TASK DIRECTIONS:
Repeat each line of the listing exactly as written.
-----
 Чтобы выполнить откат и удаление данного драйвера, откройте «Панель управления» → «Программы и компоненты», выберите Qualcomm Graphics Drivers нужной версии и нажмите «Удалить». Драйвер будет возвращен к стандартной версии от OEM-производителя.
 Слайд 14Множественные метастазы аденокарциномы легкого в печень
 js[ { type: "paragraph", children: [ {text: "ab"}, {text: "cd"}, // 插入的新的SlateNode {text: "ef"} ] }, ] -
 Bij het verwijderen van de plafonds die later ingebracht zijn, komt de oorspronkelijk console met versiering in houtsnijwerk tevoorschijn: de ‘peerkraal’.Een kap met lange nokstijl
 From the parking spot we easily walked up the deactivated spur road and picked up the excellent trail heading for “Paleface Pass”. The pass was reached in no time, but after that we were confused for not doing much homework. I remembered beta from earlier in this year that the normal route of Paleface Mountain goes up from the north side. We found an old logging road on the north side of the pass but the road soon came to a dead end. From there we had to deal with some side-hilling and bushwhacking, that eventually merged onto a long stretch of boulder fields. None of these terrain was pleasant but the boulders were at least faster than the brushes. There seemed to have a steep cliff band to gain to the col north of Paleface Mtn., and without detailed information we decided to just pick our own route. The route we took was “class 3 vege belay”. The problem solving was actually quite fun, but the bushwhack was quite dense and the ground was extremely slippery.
-----
ANSWER TO THE EXERCISE:
 Чтобы выполнить откат и удаление данного драйвера, откройте «Панель управления» → «Программы и компоненты», выберите Qualcomm Graphics Drivers нужной версии и нажмите «Удалить». Драйвер будет возвращен к стандартной версии от OEM-производителя.
 Слайд 14Множественные метастазы аденокарциномы легкого в печень
 js[ { type: "paragraph", children: [ {text: "ab"}, {text: "cd"}, // 插入的新的SlateNode {text: "ef"} ] }, ] -
 Bij het verwijderen van de plafonds die later ingebracht zijn, komt de oorspronkelijk console met versiering in houtsnijwerk tevoorschijn: de ‘peerkraal’.Een kap met lange nokstijl
 From the parking spot we easily walked up the deactivated spur road and picked up the excellent trail heading for “Paleface Pass”. The pass was reached in no time, but after that we were confused for not doing much homework. I remembered beta from earlier in this year that the normal route of Paleface Mountain goes up from the north side. We found an old logging road on the north side of the pass but the road soon came to a dead end. From there we had to deal with some side-hilling and bushwhacking, that eventually merged onto a long stretch of boulder fields. None of these terrain was pleasant but the boulders were at least faster than the brushes. There seemed to have a steep cliff band to gain to the col north of Paleface Mtn., and without detailed information we decided to just pick our own route. The route we took was “class 3 vege belay”. The problem solving was actually quite fun, but the bushwhack was quite dense and the ground was extremely slippery.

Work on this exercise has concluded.